Step 105, dividing the target area into k areas, where k areas are used to divide the user variables corresponding to the target area into k categories, and k is a positive integer.
In one example, k is 4, and the target area shown in step 104 is divided into 4 areas, where the 4 areas are used to divide the user variable corresponding to the target area into 4 categories. Alternatively, there are various ways of dividing the target area into 4 areas. Illustratively, the region of the grid of loan user's revenue between the intervals [2000, 5000) and loan user's credit rating between the intervals [100, 300) is a first region, the region of the grid of loan user's revenue between the intervals [5000, 8000) and loan user's credit rating between the intervals [100, 500) is a second region, the region of the grid of loan user's revenue between the intervals [8000, 11000) and loan user's credit rating between the intervals [100, 300) is a third region, and the region of the grid of loan user's revenue between the intervals [8000, 11000) and loan user's credit rating between the intervals [300, 500) is a fourth region.

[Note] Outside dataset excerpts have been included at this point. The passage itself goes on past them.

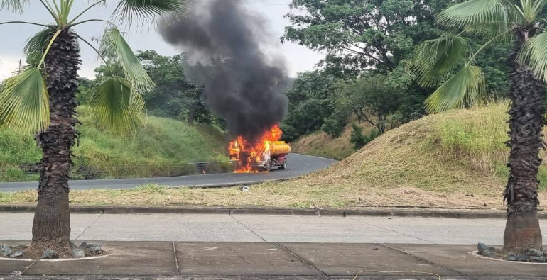 En videos y fotos divulgados en redes sociales se ve que el vehículo está en llamas. Parte del cabezal del tanquero de combustible ardió.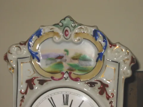 A fine porcelain wall clock made in the Black Forest of Germany. They were produced with many different shapes of sheilds, very often a local scene wa...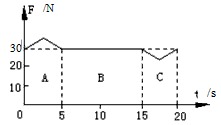 5、实验题 某同学利用DIS研究电梯在竖直方向的运动。在电梯中挂一质量为3kg的重物,用力传感器测出悬绳的拉力F,得到如图所示的F-t图象。

In summary, in the method provided in this embodiment, the number m×n of dimension slices is determined according to the selected first dimension feature vector and second dimension feature vector, and a first target variable distribution table and a second target variable distribution table containing m×n lattices are generated, each lattice in the first target variable distribution table corresponds to a user variable, each lattice in the second target variable distribution table corresponds to a target variable value, a region with a maximum area formed by lattices corresponding to target variable values satisfying a preset threshold is determined as a target region, the target region is divided into k regions, and the k regions correspond to k categories, where m, n and k are positive integers. The aim of classifying the user variables is fulfilled by dividing the delineated target area into areas, so that the classification result is more reasonable and accurate.

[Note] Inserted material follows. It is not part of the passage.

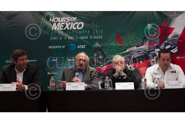 CIUDAD DE MÉXICO, 13MARZO2016.- Gerard Neveu, CEO FIA World Endurance Championship; José Abed, vicepresidente mundial de la Federación Internacional de Automovilismo (FIA); Jean Todt, presidente de la Federación Internacional de Automovilismo (FIA), y el piloto Ricardo González, durante la presentación de las "6 Horas de México", que se realizarán el 2 y 3 de septiembre de 2016 en el Autódromo Hermanos Rodríguez, la cual es parte del Campeonato Mundial de Resistencia (WEC, por sus siglas en inglés). FOTO: MOISÉS PABLO /CUARTOSCURO.COM

FIG. 3 illustrates a flow chart of a variable classification method based on dimension slices provided by another exemplary embodiment of the application. The method comprises the following steps:
optionally, the business event comprises at least one of a financial risk business event, a merchandise sales business event, and an information push business event.

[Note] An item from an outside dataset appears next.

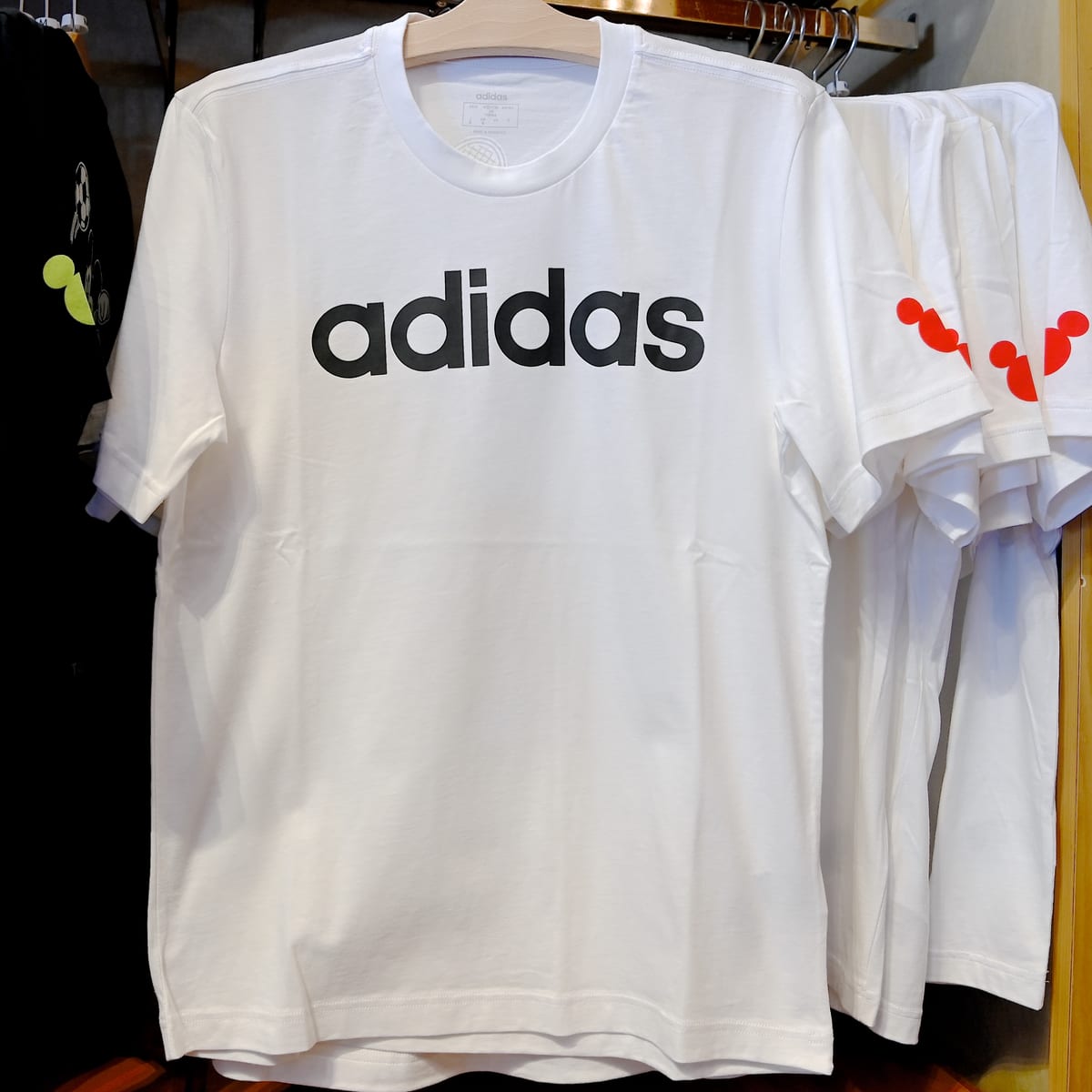 adidasデザインの白Tシャツ。

Optionally, selecting the first dimension feature vector and the second dimension feature vector having a correlation with the target variable includes the steps of:
in step 301, a target variable is determined.
Illustratively, the business event is a merchandise sales business event and the target variable is the user's participation in a merchant promotional program. Optionally, the feature vector having a correlation with the target variable includes at least one of the following vectors: whether the user has purchased the last month, the amount the user has purchased the last time, the category of the goods the user has purchased the last time, whether the user is a member of the merchant.
Step 302, calculating an information value corresponding to the feature vector according to the target variable, wherein the information value is used for representing the correlation between the feature vector and the target variable.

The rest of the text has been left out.